Source records
========================================

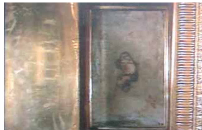
這個聖體龕中保存了其中一顆聖血奇蹟的石頭，目前存放於波瑟納。
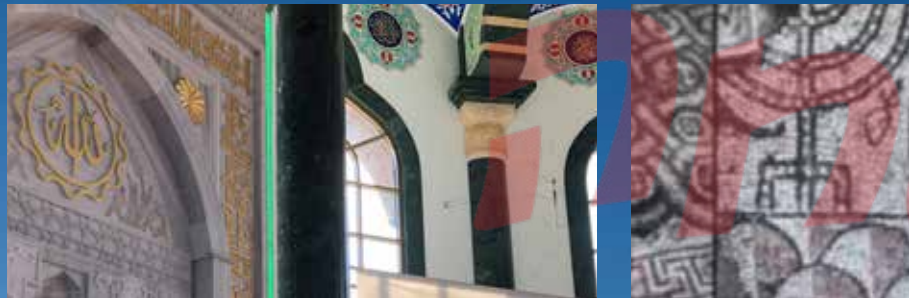
תגלית מפתיעה. חלקי הפסיפס שנחשפו

שנה), עשרים אחוז כנוצרים דתיים, ועשרה אחוז כקתולים, למרות שרובם אינם דתיים. זו הסיבה שהופתענו לגלות שבעיר הבירה טיראנה נמצא המרכז העולמי של התנועה הסופיסטית האסלאמית, הידועה בכינויה 'בקטאשי'. הסופיזם הוא זרם באסלאם שחבריו נחשבים לאנשים רוחניים, חושבים, בעלי מבט המופנה פנימה, ושונים מאוד מהמוסלמים שאנחנו מכירים. אלו אנשים שלווים, מודרניים, אוהבי שלום, המקבלים ומכבדים כל אדם.
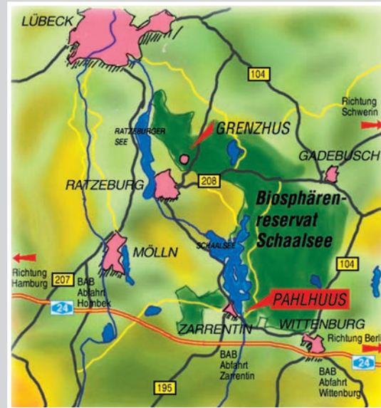
Lage Biosphärenreservat.

Das PAHLHUUS ist das Informationszentrum für das UNESCO-Biosphärenreservat Schaalsee. Sie finden es in der Wittenburger Chaussee 13, 19246 Zarrentin am Schaalsee.
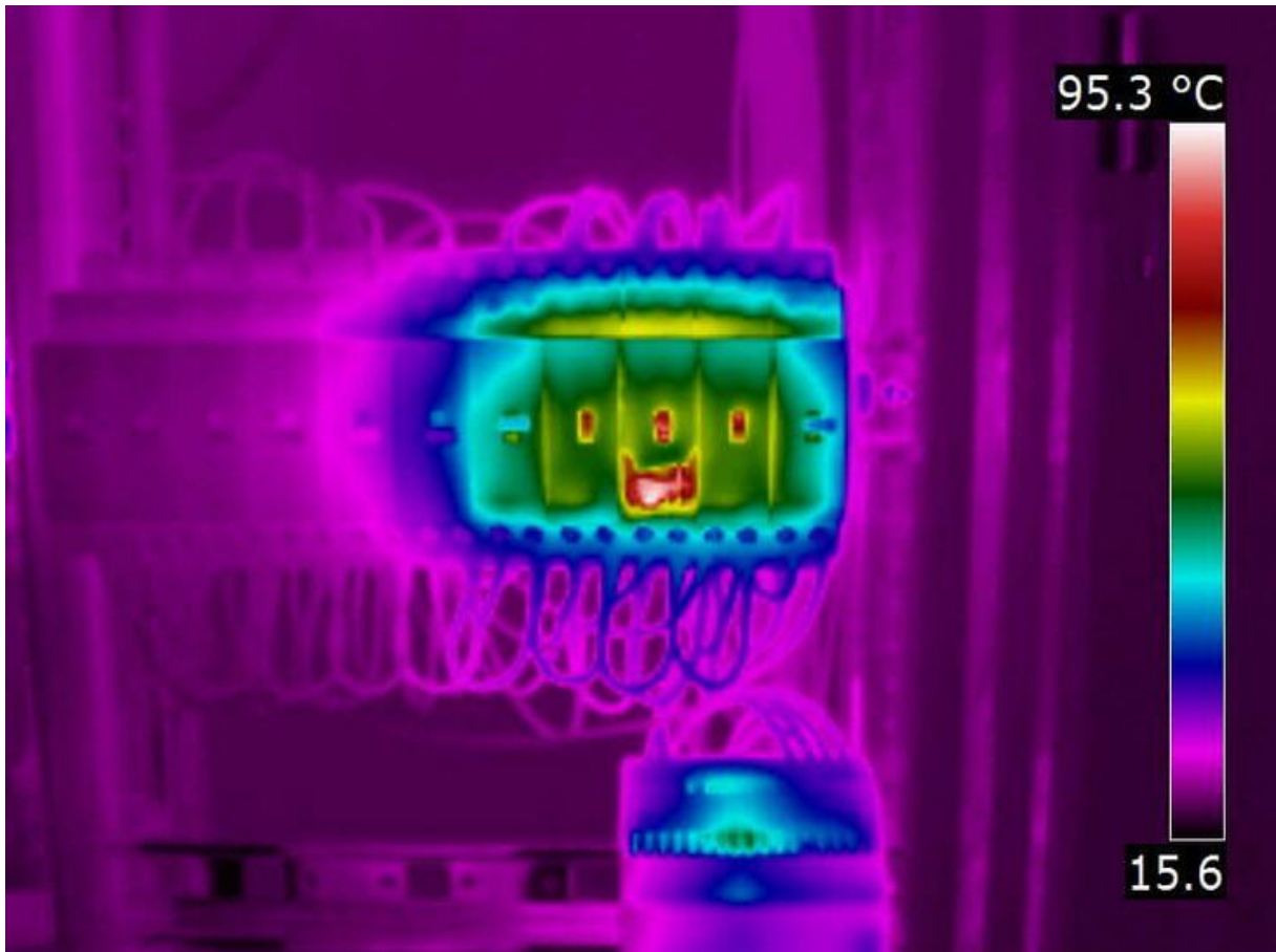
Überhitzung eines LS-Schalters aufgrund eines Isolationsfehlers
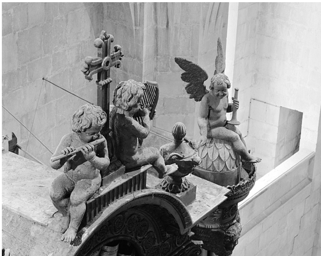
Détail buffet : anges musiciens et couronnements des tourelles, vu de trois quarts gauche.
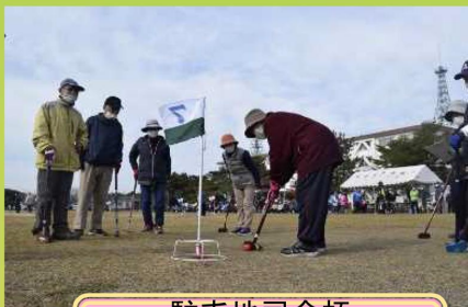
駐屯地司令杯 グラウンドゴルフ大会
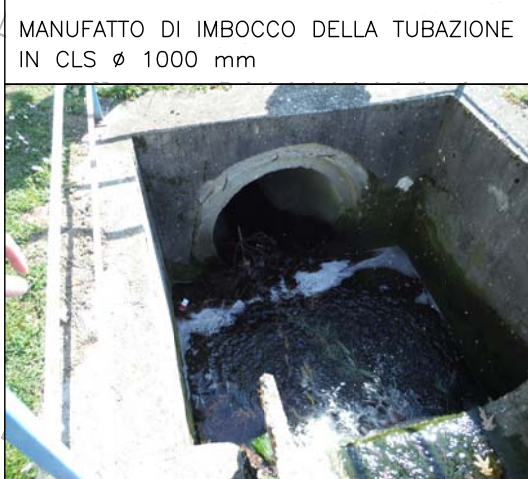
MANUFATTO DI IMBOCCO DELLA TUBAZIONE IN CLS ø 1000 mm
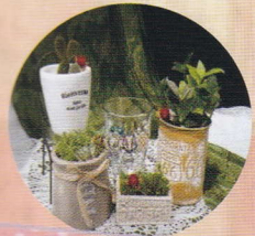
35☆キラHM (アクセサリー作家)
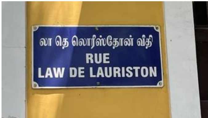
Улица Ло де Лористона
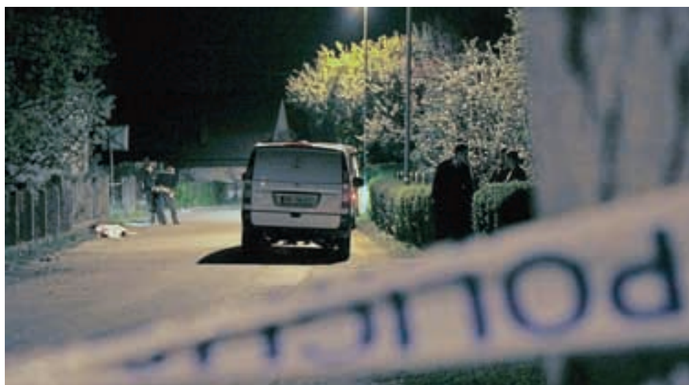
Mladi motorist se je smrtno ponesrečil v vasi Breg ob Savi.

Breg ob Savi – V nedeljo ponoči zvečer se je na Bregu ob Savi zgodila huda prometna nesreča, v kateri je življenje izgubil sedemnajstletni motorist iz okolice Škofje Loke. Na Policijski upravi Kranj so včeraj pojasnili, da je mladi motorist med vožnjo skozi vas iz smeri Jame proti Drulovki zaradi nepriklagovane hitrosti izgubil oblast nad motorjem. Pri tem je padel po tleh in tam obležal, njegovo motorno kolo pa je silovito priletelo v obcestno betonsko ograjo. Sedemnajstletnik, ki je med vožnjo uporabljal zaščitno čelado, je za posledicami hudih poškodb umrl na kraju nesreče. Morebitno prisotnost alkohola bodo ugotavljali v nadaljnji analizi, je
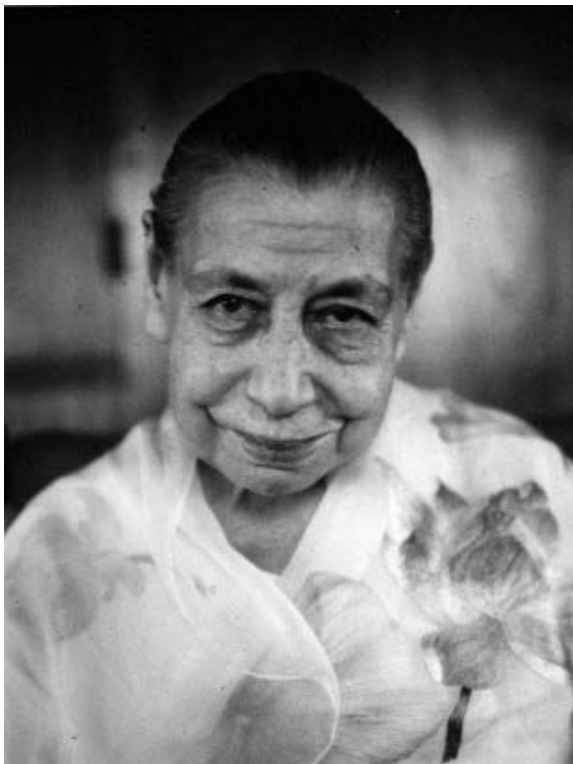
МАТЬ – 1968 г.
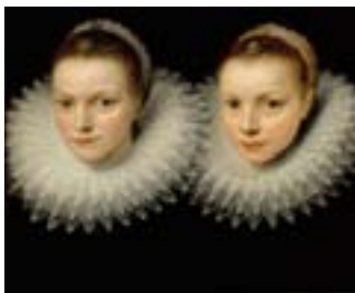
Frans Pourbus nuor. Kaksi sisarta, öljy kuparille.
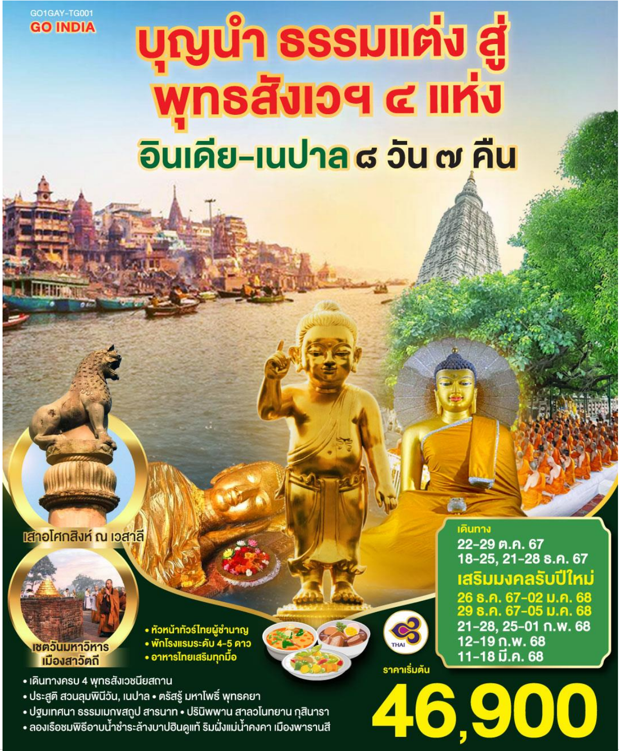
เสาอโศกสิงห์ ณ เวสาลี
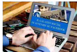
Poche regole per crescere insieme Il galateo social di Avvenire. Cos'è e perché è nato
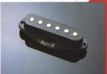
CPS-IX ¥8,000 音の立上りが鋭いシングルコイル。
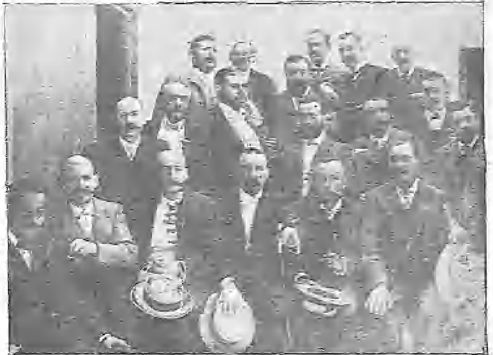
CELEBRADO AYER TARDE EN EL CAMPO DEL RECREO
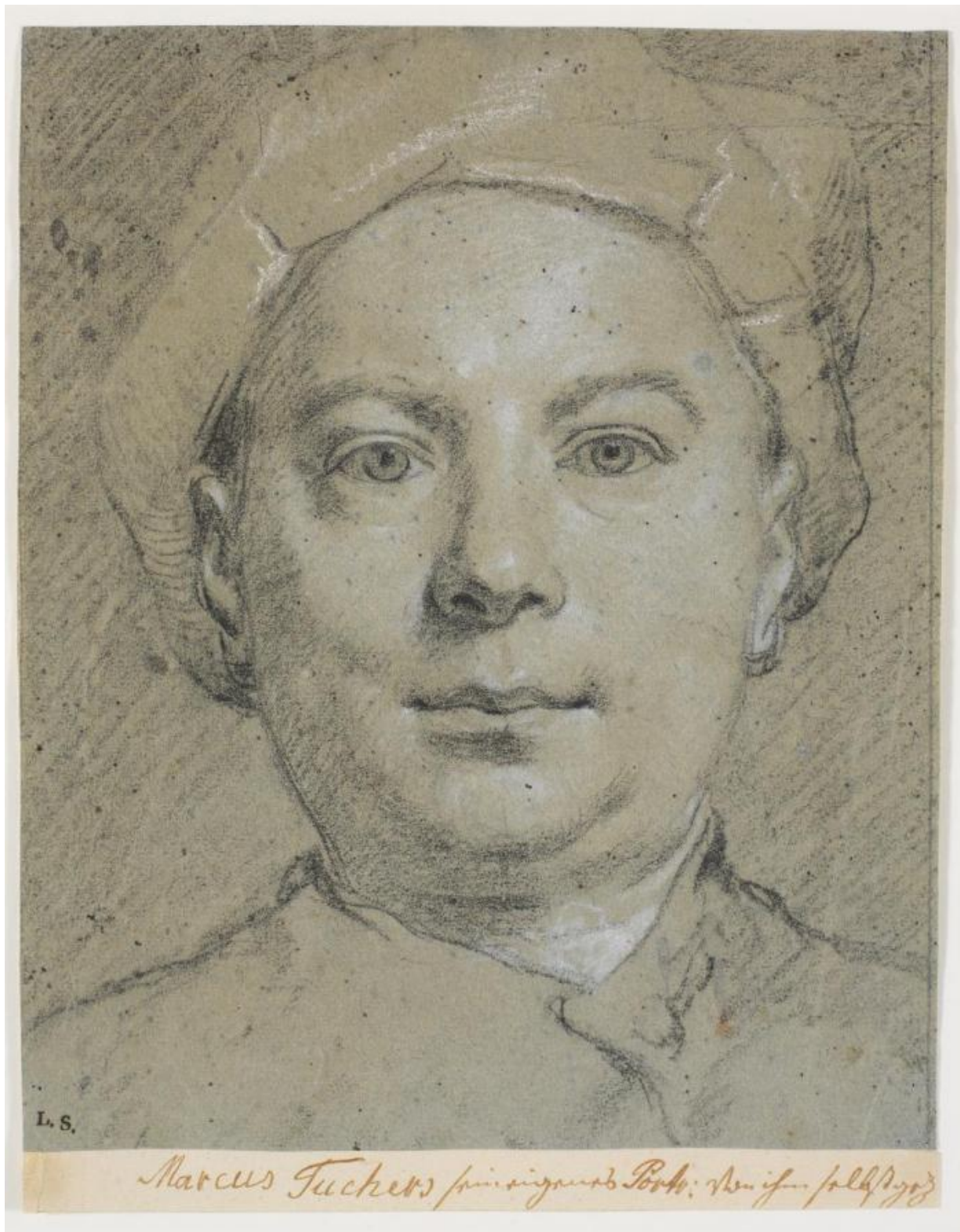
Fig. 5. Marcus Tucher: Selvportræt . Ca. 1740'erne. Sort og hvidt kridt på grågrønligt papir. 266 x 216 mm. Den kgl. Kobberstiksamling, KKSgb6375. Købt af Frederik 6. med Lorenz Spenglers samling i 1810; indgået i Den kgl. Kobberstiksamling ved dens oprettelse i 1835. Statens Museum for Kunst, public domain , SMK .
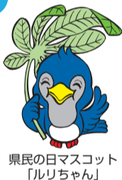
県民の日マスコット「ルリちゃん」
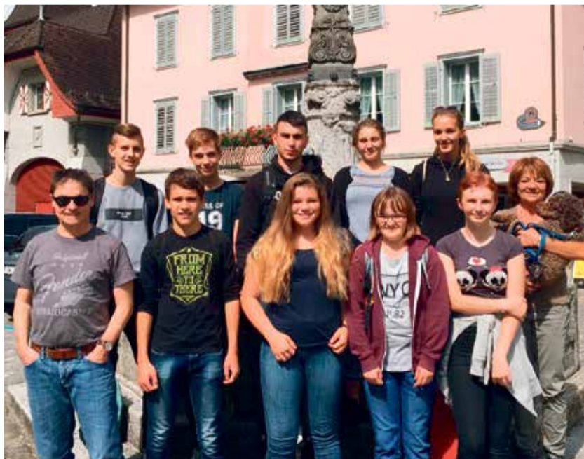
Hier steht die Klasse mit Pfarrer und Katechetin vor dem Bruder Klaus-Brunnen in Sachseln...
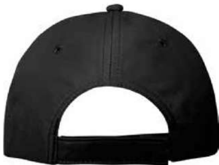
AJUSTADOR DE VELCRO
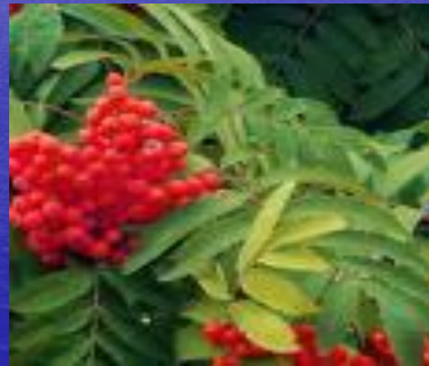
сибирская рябина ( Sorbus aucuparia subsp. sibirica ).
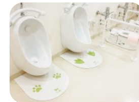
小さな子どもが楽しく、行ってみたい！ と思えるかわいいトイレ。
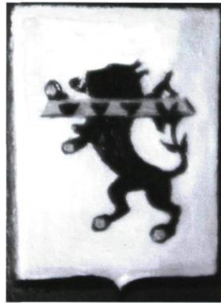
Les armoiries de la famille Saveuse de Beaujeu.
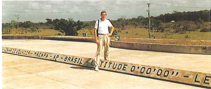
Am Äquator in Macapa, Nordbrasilien

Brüder in jeweils einer anderen Kirche tätig ist, fehlt es an gegenseitiger Hochachtung in der Familie nicht. Sein Vater hat einmal gesagt: „Es gibt keine andere Lehre als die Apostellehre!“

========================================

Problem to solve
All lines of the records containing "Biosphärenreservat" should be shown.

Written response
Lage Biosphärenreservat.
Das PAHLHUUS ist das Informationszentrum für das UNESCO-Biosphärenreservat Schaalsee. Sie finden es in der Wittenburger Chaussee 13, 19246 Zarrentin am Schaalsee.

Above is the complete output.